2. In return for the payment by Xxxxxxxx for said interest, it is agreed
that Xxxxxxxx shall be entitled to receive 20% of all net profit derived from
the operation of said mobile home sales lot, to include, but not limited to,
sales of manufactured homes, both new and used, sales of tires and axles, and
volume rebates paid unto the corporation by the manufacturers. It is agreed that
such distribution shall be made to Xxxxxxxx on a quarterly basis beginning with
the last quarter of 1996, and continuing at the end of each and every subsequent
quarter thereafter. It is further agreed that the $ 15,000 note from Xxxxxxxx to
Mayfair be deducted from said distributions.
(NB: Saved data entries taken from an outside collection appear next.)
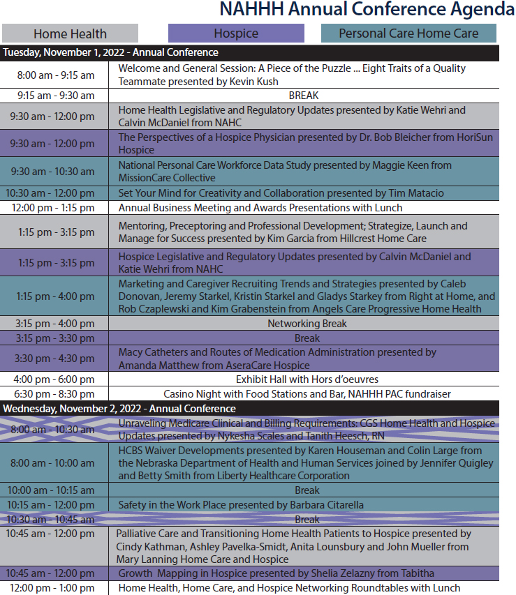 Connect with home care, home health and hospice professionals across Nebraska to network and learn. Attend our Annual Business Meeting to receive updates on how the association is serving you and join us in recognizing award recipients. You’ll receive the latest federal regulatory and legislative updates; prepare for OASIS-E implementation; learn new ways to care for hospice patients with a variety of healthcare needs; learn about the latest workforce trends; take away new ideas for caregiver marketing and recruiting; implement the latest clinical and billing requirements; get questions answered about serving Medicaid waiver clients; learn how to implement a mentoring, preceptoring and professional development program; develop a plan for transitioning home health patients to hospice; and much more. Meet with our industry partners in the exhibit hall to learn about the latest products and services to serve clients and patients.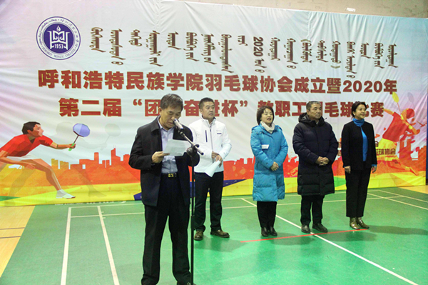 为铸牢中华民族共同体意识,进一步丰富教职工的文化生活,切实提高教职工的身体素质,推动“中华民族一家亲,同心共筑中国梦”的理念,由学校工会主办,羽毛球协会承办的beat365英国官方网站羽毛球协会成立暨2020年第二届“团结奋进杯”教职工羽毛球比赛开幕式11月25日下午在北校区体育馆一楼举行。学校党委副书记、校长格日乐图,党委副书记胡春梅,副校长纳丽娜出席开幕式。学校各职能部门和分工会主席、全体运动员、裁判员和部分学生代表150余人参加了开幕式。开幕式由学校党委委员、党政办主任朝格吉乐图主持。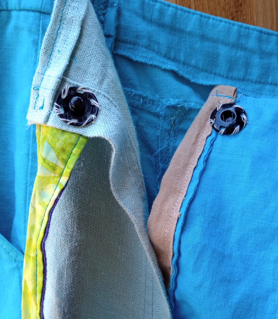 Repurposed cotton, denim, wool & linen. Ladies low fitting trouser style, approximately size 8/10. Please contact me for exact measurements.

3. It is further agreed that Xxxxxxxx and associated companies i.e.
"Xxxxxxxx Home Transport" shall have the option to do the deliveries and set-ups
of the homes sold off of said sales center as long as said services are done in
a satisfactory manner and at competitive prices, and
4. It is agreed and anticipated that this agreement be assigned to a
corporation to be created by both parties by January of 1997.
In witness whereof, the parties hereto set their hands and affixed their
seals on this, the 1st day of September 1996.
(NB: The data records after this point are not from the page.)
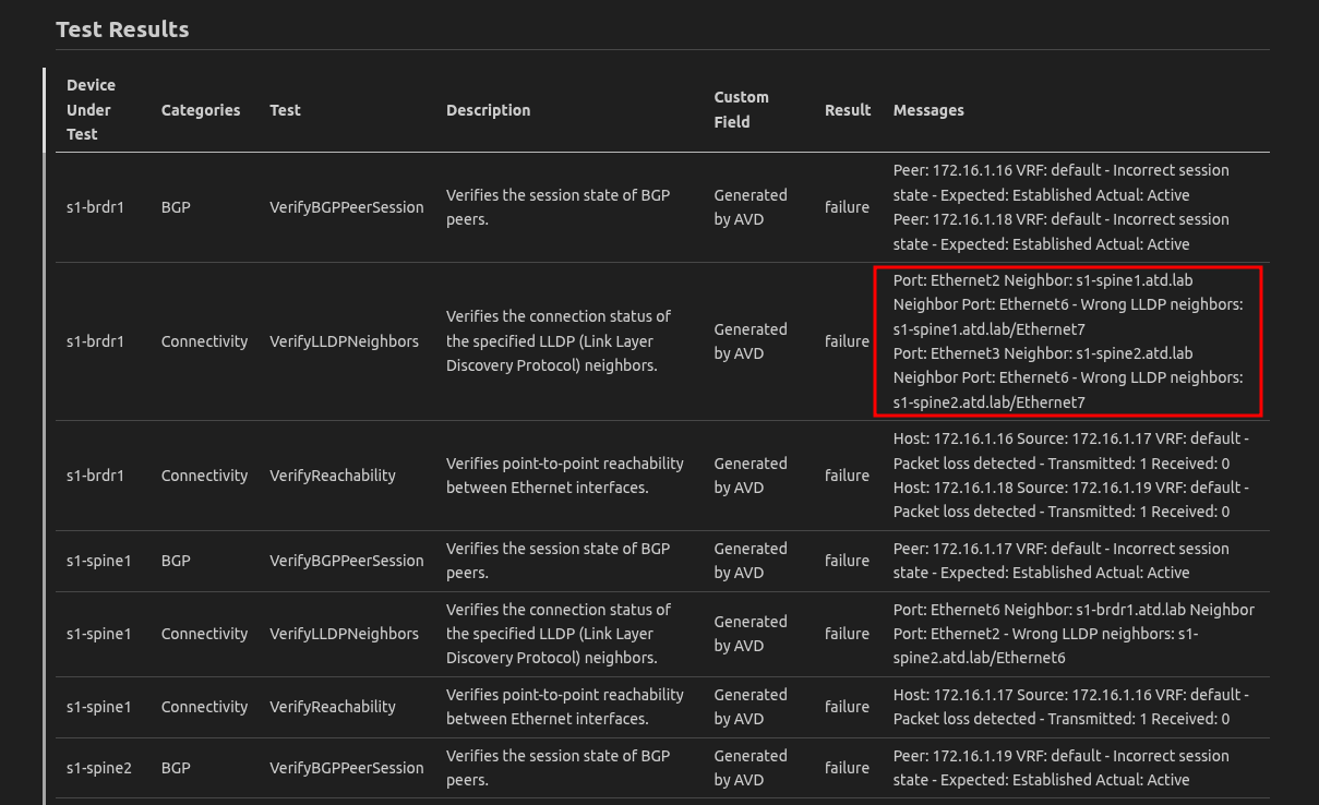 9. In a real-world scenario, this would have caught a use case of the links being transposed or a typo in the AVD repository! This is a virtual lab, so mistakes in cabling are most likely not the cause. Let's go fix AVD 😄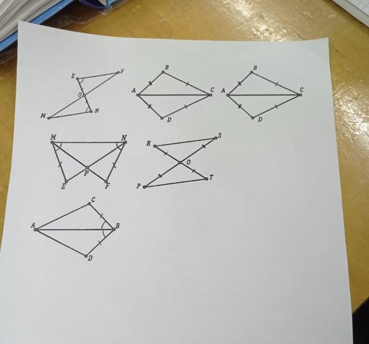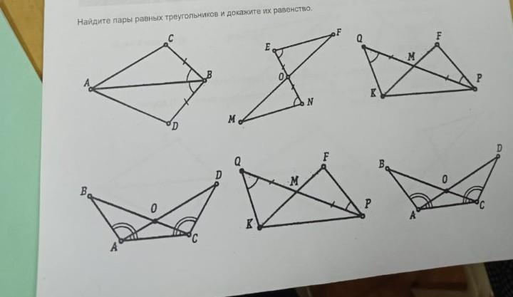 найдите пары равных треугольников и докажите их равенство и показать недостающие элементы.решите пожалуйста срочно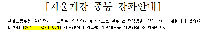 [겨울개강] 중등 강좌안내

/s/Xxxxxx Xxxxxxx /s/ Xxxxxxx X. Xxxxxxxx
----------------- -----------------------
Xxxxxxx X. Xxxxxxxx
/s/Xxxxxx Xxxxxxxxx /s/ E. Xxxxxx Xxxxx
------------------- -------------------
MAYFAIR HOMES CORPORATION
E XXXXXX XXXXX
PRESIDENT
Apple Homes
Corporation
0000 Xxxxxxx Xxxx, Xxxxx 000
Xxxxxxx, XX 00000
(000) 000-0000
FAX (000) 000-0000
STATE OF GEORGIA
COUNTY OF RICHMOND
AMENDMENT
This amendment is made to the agreement entered into on the 1st day of
September, 1996, by and between Mayfair Homes Corporation, a Delaware
Corporation now known as Apple Homes Corporation, with its principal place of
business located at 0000 Xxxxxxx Xxxx, Xxxxx 000, Xxxxxxx, Xxxxxxx 00000,
hereinafter referred to as "Apple" and Xxxxxxx Xxxxxxxx, a resident of 0000
Xxxxxxxxxxxxx Xxxx, Xxxxxxx, Xxxxxxx 00000, hereinafter referred to as
"Xxxxxxxx".
WITNESSETH
This amendment affects only those sections addressed herewith. The original
agreement stays in affect in every way except for these amendments:
1. The payment of any dividends is at the discretion of the officers of
the company.
2. It is agreed that 25-33% of the net profits of said company, (X.X.
Homes), will remain in working capital until a minimum of $100,000
working capital exists.
3. Further, it is agreed that bonuses and management fees will be at the
discretion of the officers of X.X. Homes and will be paid quarterly
depending on the profitability of the company.
In witness whereof, the parties hereto set their hands and affixed their
seals on this the 1st day of April 1998.
/s/ E. Xxxxxx Xxxxx /s/ Xxxxxxx X. Xxxxxxxx
E. Xxxxxx Xxxxx Xxxxxxx X. Xxxxxxxx
President President
Apple Homes Corporation X.X. Homes, Inc.